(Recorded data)
####################

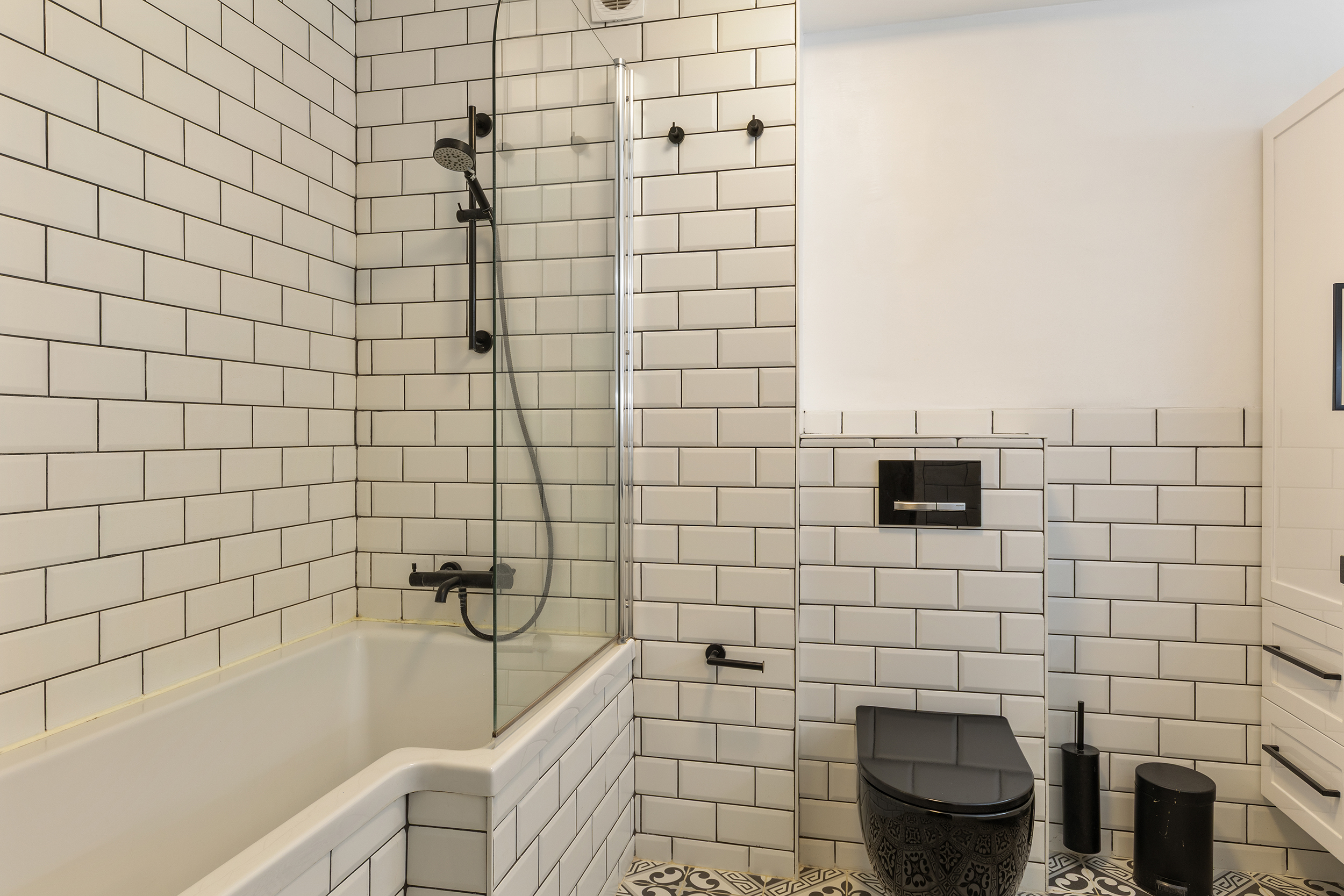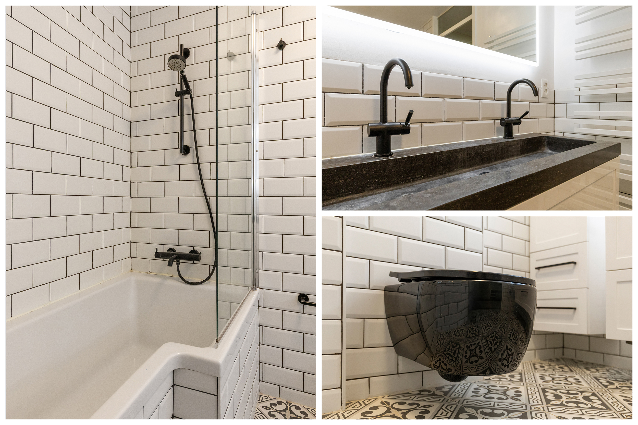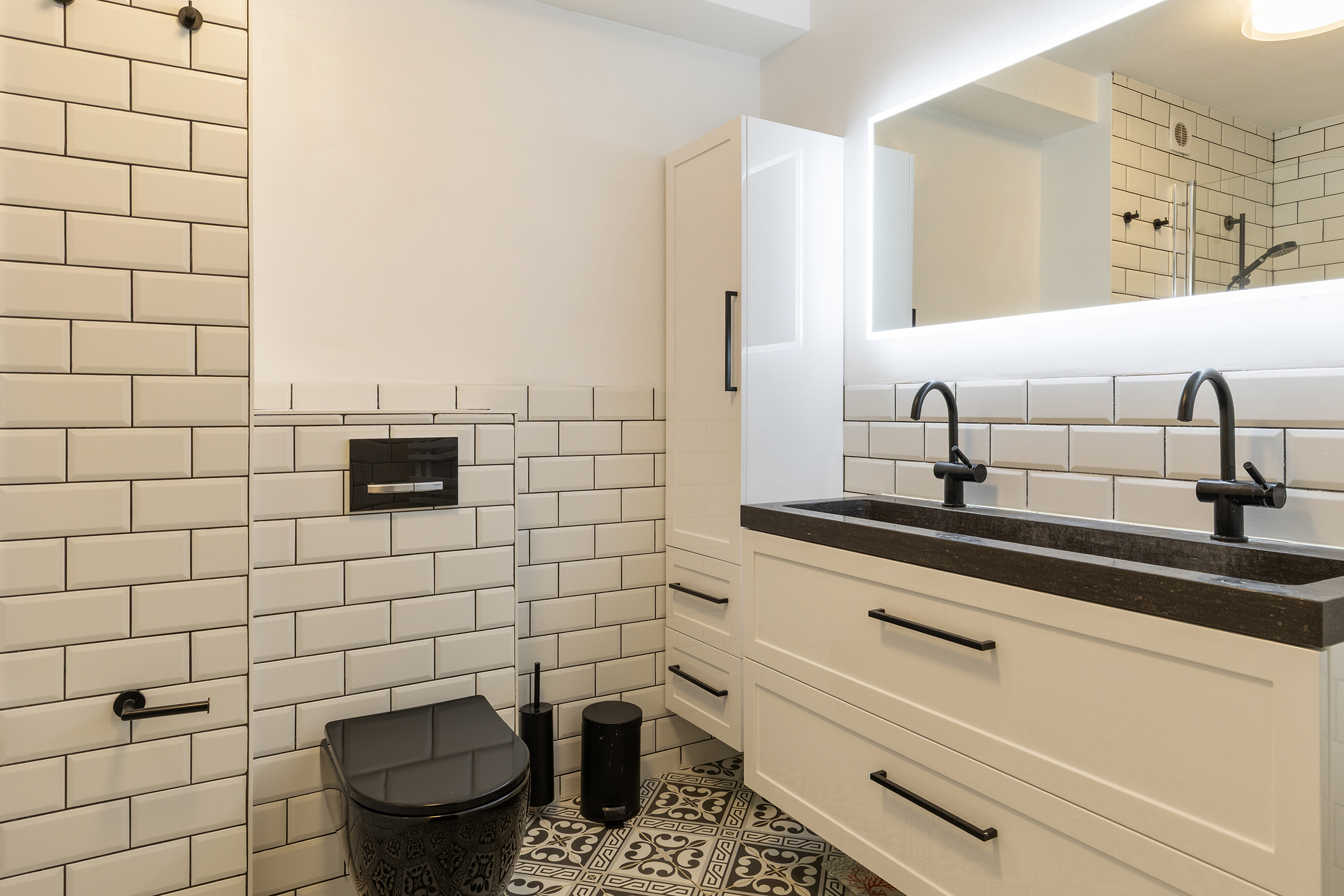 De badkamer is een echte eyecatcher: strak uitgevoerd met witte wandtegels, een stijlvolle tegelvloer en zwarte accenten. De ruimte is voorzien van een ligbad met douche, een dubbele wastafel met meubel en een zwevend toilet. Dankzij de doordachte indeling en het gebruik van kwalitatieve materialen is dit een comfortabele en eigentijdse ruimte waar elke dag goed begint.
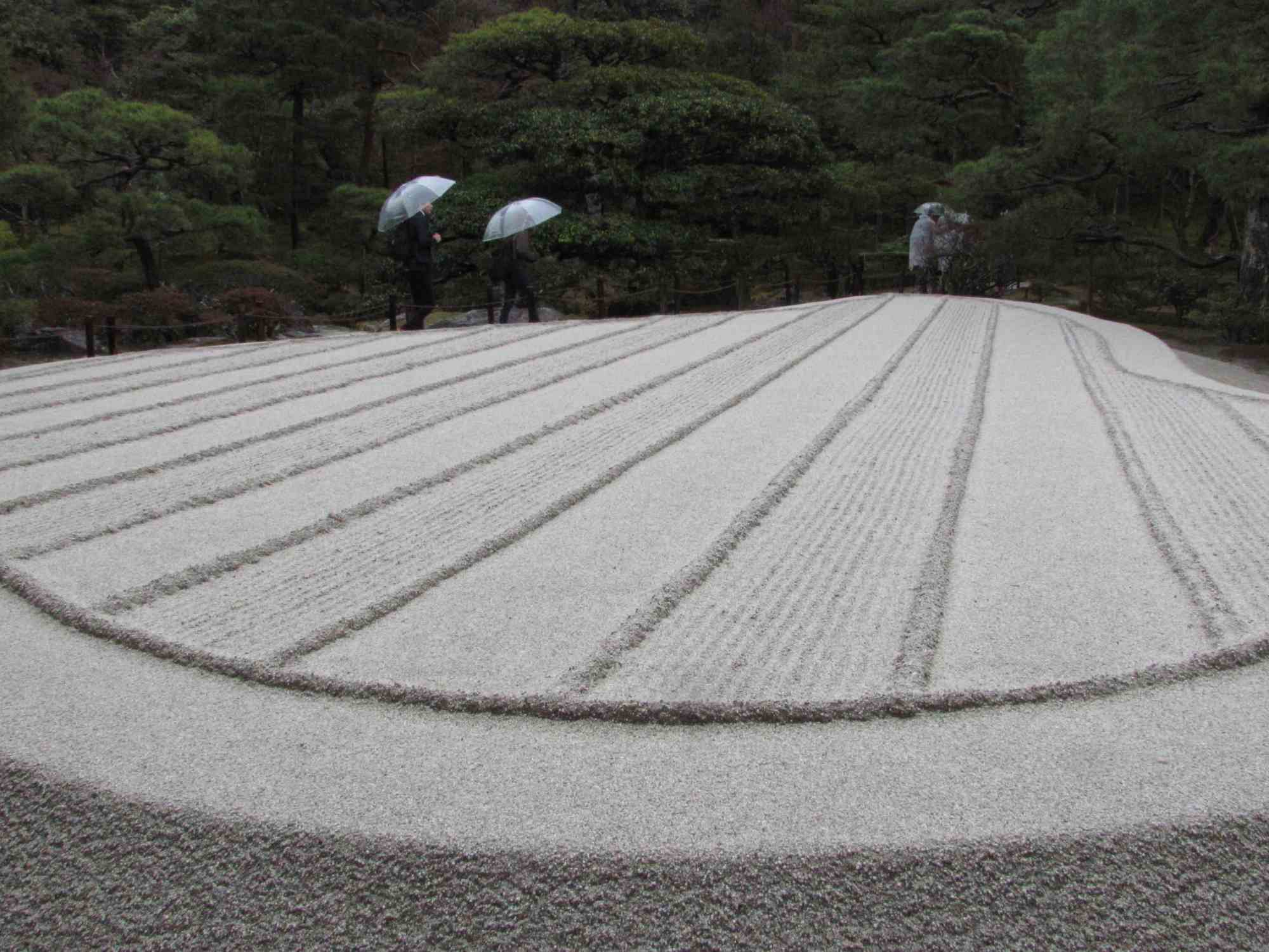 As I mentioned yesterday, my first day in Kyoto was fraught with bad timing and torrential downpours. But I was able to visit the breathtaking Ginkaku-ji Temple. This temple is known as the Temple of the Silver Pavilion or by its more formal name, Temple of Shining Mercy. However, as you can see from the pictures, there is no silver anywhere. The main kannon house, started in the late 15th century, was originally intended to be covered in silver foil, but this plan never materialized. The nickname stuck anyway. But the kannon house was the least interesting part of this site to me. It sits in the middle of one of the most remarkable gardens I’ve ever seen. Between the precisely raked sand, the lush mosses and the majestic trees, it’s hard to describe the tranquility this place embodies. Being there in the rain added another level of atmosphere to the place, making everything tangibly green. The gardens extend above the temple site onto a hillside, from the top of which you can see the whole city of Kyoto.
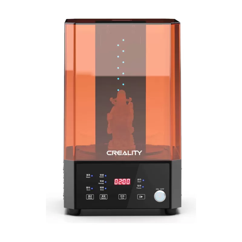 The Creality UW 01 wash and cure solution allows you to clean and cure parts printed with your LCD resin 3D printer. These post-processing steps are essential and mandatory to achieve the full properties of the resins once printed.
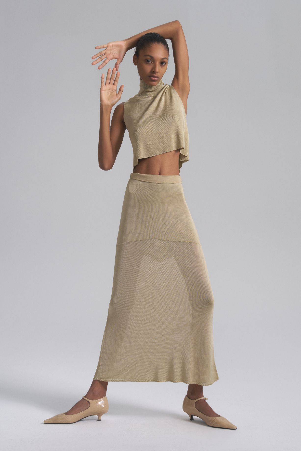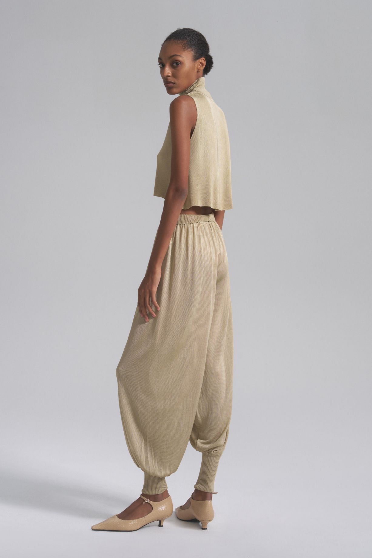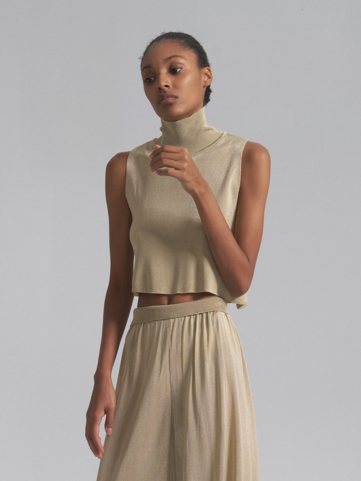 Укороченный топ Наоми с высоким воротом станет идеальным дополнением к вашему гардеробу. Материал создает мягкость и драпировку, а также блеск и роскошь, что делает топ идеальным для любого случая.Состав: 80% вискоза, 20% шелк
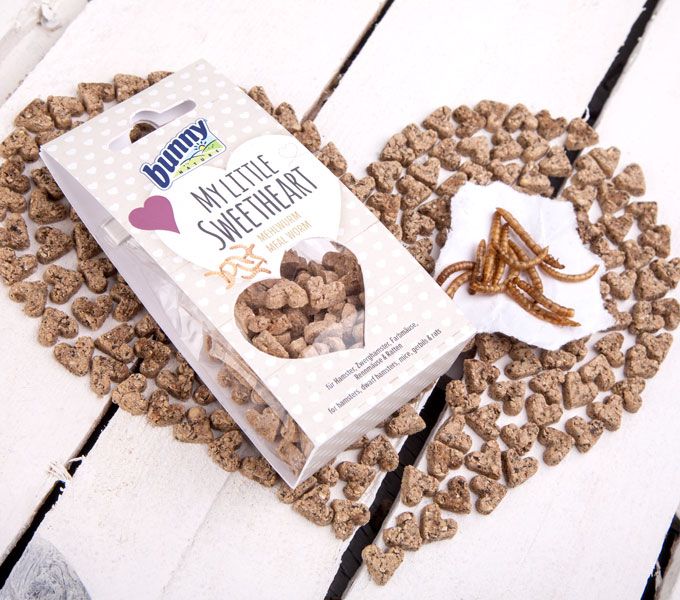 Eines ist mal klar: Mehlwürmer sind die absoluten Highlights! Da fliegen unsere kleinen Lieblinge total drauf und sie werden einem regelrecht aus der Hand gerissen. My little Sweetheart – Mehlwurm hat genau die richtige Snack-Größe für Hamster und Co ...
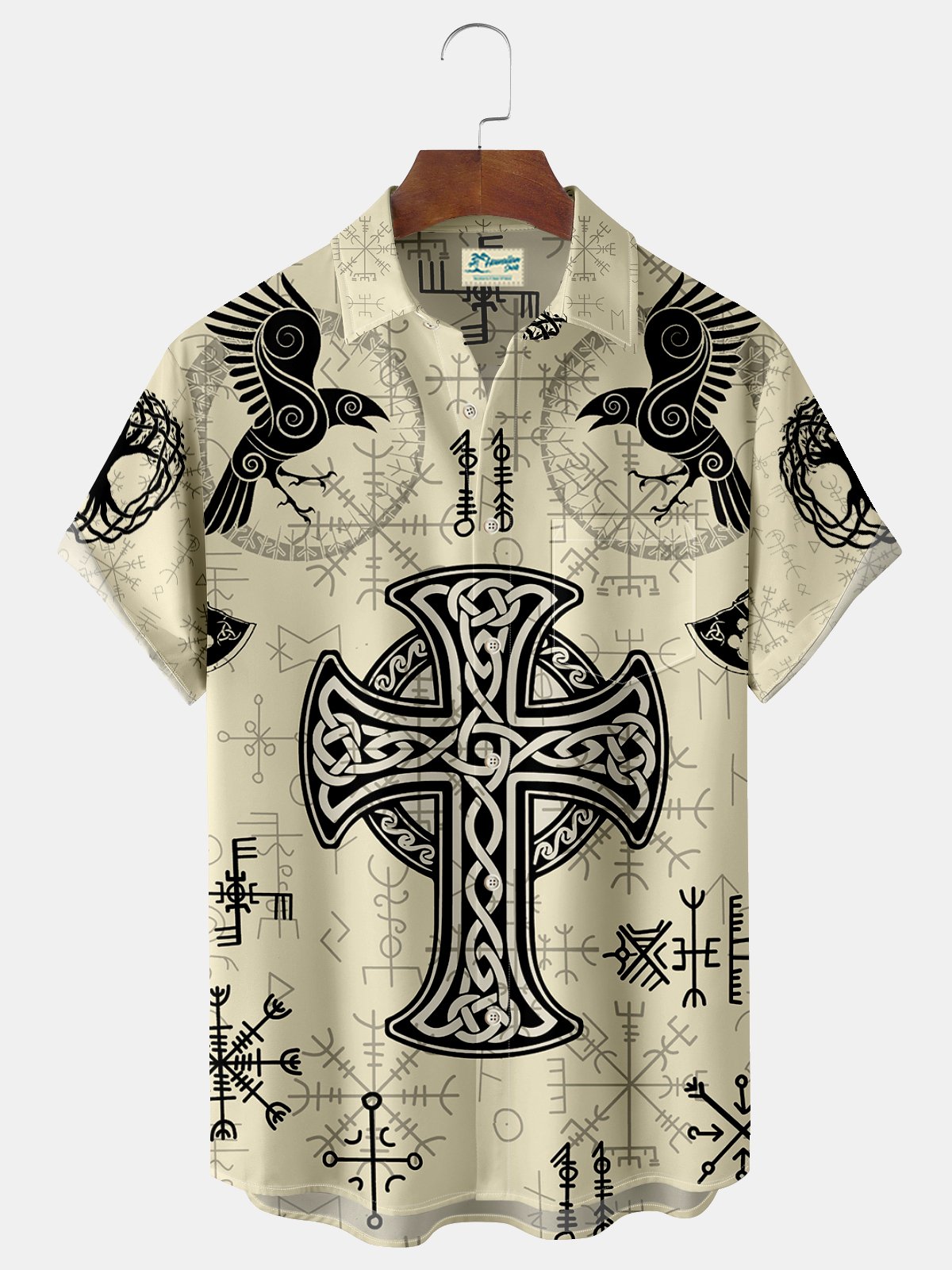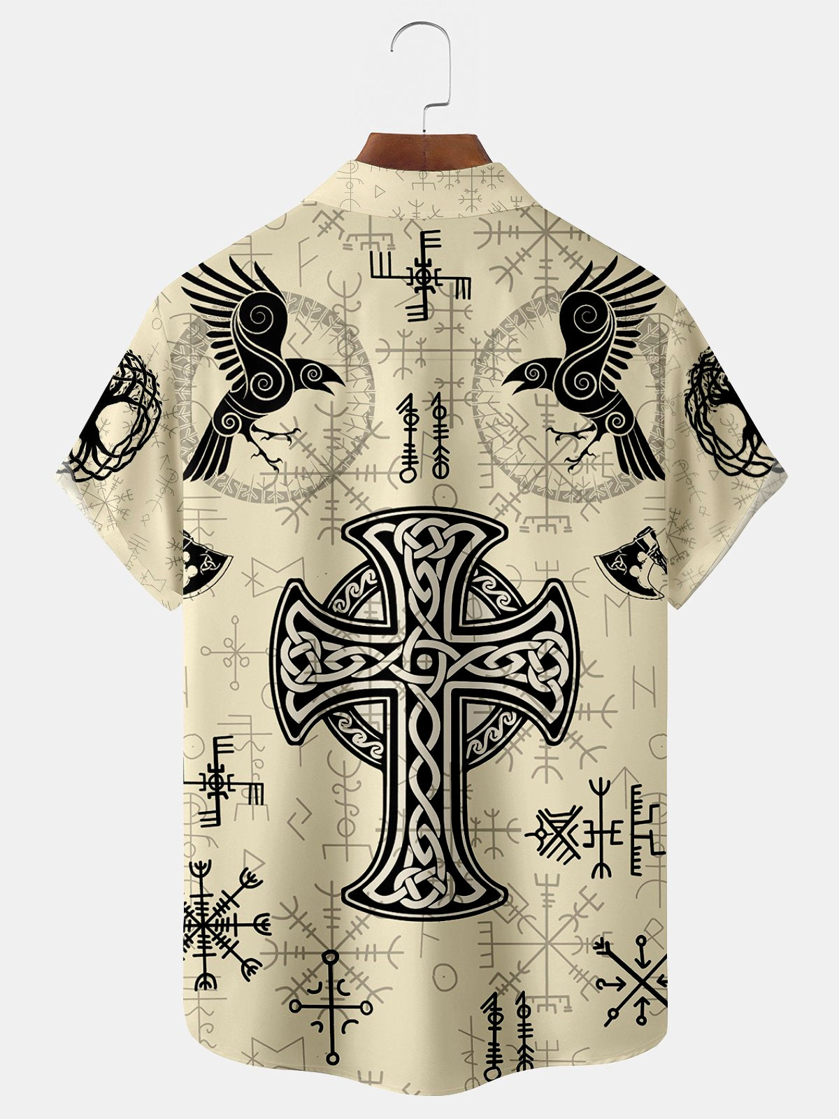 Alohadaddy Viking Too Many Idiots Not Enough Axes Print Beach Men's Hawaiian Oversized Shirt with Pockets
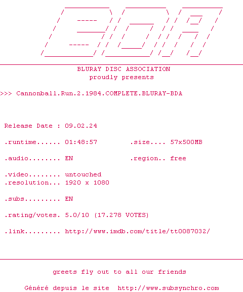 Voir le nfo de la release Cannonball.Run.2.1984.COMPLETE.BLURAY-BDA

####################

_Task brief:_
Would you output all of the entries above exactly, keeping the pictures out?

_Answer box:_
 De badkamer is een echte eyecatcher: strak uitgevoerd met witte wandtegels, een stijlvolle tegelvloer en zwarte accenten. De ruimte is voorzien van een ligbad met douche, een dubbele wastafel met meubel en een zwevend toilet. Dankzij de doordachte indeling en het gebruik van kwalitatieve materialen is dit een comfortabele en eigentijdse ruimte waar elke dag goed begint.
 As I mentioned yesterday, my first day in Kyoto was fraught with bad timing and torrential downpours. But I was able to visit the breathtaking Ginkaku-ji Temple. This temple is known as the Temple of the Silver Pavilion or by its more formal name, Temple of Shining Mercy. However, as you can see from the pictures, there is no silver anywhere. The main kannon house, started in the late 15th century, was originally intended to be covered in silver foil, but this plan never materialized. The nickname stuck anyway. But the kannon house was the least interesting part of this site to me. It sits in the middle of one of the most remarkable gardens I’ve ever seen. Between the precisely raked sand, the lush mosses and the majestic trees, it’s hard to describe the tranquility this place embodies. Being there in the rain added another level of atmosphere to the place, making everything tangibly green. The gardens extend above the temple site onto a hillside, from the top of which you can see the whole city of Kyoto.
 The Creality UW 01 wash and cure solution allows you to clean and cure parts printed with your LCD resin 3D printer. These post-processing steps are essential and mandatory to achieve the full properties of the resins once printed.
 Укороченный топ Наоми с высоким воротом станет идеальным дополнением к вашему гардеробу. Материал создает мягкость и драпировку, а также блеск и роскошь, что делает топ идеальным для любого случая.Состав: 80% вискоза, 20% шелк
 Eines ist mal klar: Mehlwürmer sind die absoluten Highlights! Da fliegen unsere kleinen Lieblinge total drauf und sie werden einem regelrecht aus der Hand gerissen. My little Sweetheart – Mehlwurm hat genau die richtige Snack-Größe für Hamster und Co ...
 Alohadaddy Viking Too Many Idiots Not Enough Axes Print Beach Men's Hawaiian Oversized Shirt with Pockets
 Voir le nfo de la release Cannonball.Run.2.1984.COMPLETE.BLURAY-BDA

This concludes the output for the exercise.